Cooler things never heat warmer things, as when something is heated, its TEMP goes UP. This has nothing to do with the way things cool down and your example with a plate between a heater and a human is sense-free.
Michael Moon January 21, 2020 at 4:26 pm
Wow, none of you guys get it. If there were heat, also known as energy, flowing from the cold body to the hot body, the hot body would get HOTTER. It does NOT, NEVER EVER!
Amazing, over 50 years of experience using radiation shields around thermocouples to get more accurate flame temperatures didn’t happen!
Detailed analysis of shielded thermocouples so old that they’re in NACA papers:
https://ntrs.nasa.gov/archive/nasa/casi.ntrs.nasa.gov/19930084456.pdf
Michael Moon January 22, 2020 at 7:14 am
That’s true, but not for the reason you think. In such a system, when the stars are closer together, they move faster. And when they are further apart, they move slower. As a result, the total energy going in each direction (flow * time) stays the same.
This is true for the earth as well.
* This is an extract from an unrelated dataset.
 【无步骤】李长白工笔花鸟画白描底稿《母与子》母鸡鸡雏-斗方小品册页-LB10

You’d think we’d get hotter when we’re nearer the sun. But we spend less time there, and the two effects cancel each other out.
As you say … look it up …
w.
‘In climate science, “upwelling” means headed for space, “downwelling” means headed for the surface, “forcing” means a change in downwelling radiation, “LW” is thermal longwave radiation, and “SW” is solar shortwave radiation.’
Is there a formal definition of the boundary between “LW” and “SW”?
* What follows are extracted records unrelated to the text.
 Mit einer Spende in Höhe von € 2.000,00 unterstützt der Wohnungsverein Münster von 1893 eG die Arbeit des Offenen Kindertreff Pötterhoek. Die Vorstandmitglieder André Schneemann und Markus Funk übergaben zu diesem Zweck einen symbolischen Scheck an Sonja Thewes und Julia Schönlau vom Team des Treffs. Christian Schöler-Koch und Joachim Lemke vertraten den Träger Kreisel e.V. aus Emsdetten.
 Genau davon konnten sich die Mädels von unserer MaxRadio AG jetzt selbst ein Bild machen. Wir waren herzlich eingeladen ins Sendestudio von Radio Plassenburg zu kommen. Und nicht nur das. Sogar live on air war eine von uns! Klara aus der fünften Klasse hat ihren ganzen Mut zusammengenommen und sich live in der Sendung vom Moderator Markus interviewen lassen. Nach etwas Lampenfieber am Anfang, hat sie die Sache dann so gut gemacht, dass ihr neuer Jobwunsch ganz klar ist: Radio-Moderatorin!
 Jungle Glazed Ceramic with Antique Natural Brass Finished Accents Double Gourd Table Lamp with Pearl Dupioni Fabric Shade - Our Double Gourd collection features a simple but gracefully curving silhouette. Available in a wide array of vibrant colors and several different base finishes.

This is important because solar radiation is spectral, with units of watts per square meter per wavelength unit (um or nm). A total irradiance in W/m2 is calculated by integrating over a specific wavelength region. When total irradiance is measured with a radiometer, the instrument implicitly performs the integration (and the answer is always “colored” by its spectral transmittance).
So stating there is “156 W/m2 of LW radiation” is nearly meaningless without also stating the wavelength bounds that LW refers to.
Thermopile radiometers such as global pyranometers typically have uncertainties on the order of +/-5% at best.
The Instruments & Measurements
But wait, you say, upwelling LWIR power flux is actually measured.
Well, no it’s not.
IR instruments, e.g. pyrheliometers, radiometers, etc. don’t directly measure power flux. They measure a relative temperature compared to heated/chilled/calibration/reference thermistors or thermopiles and INFER a power flux using that comparative temperature and ASSUMING an emissivity of 1.0. The Apogee instrument instruction book actually warns the owner/operator about this potential error noting that ground/surface emissivity can be less than 1.0.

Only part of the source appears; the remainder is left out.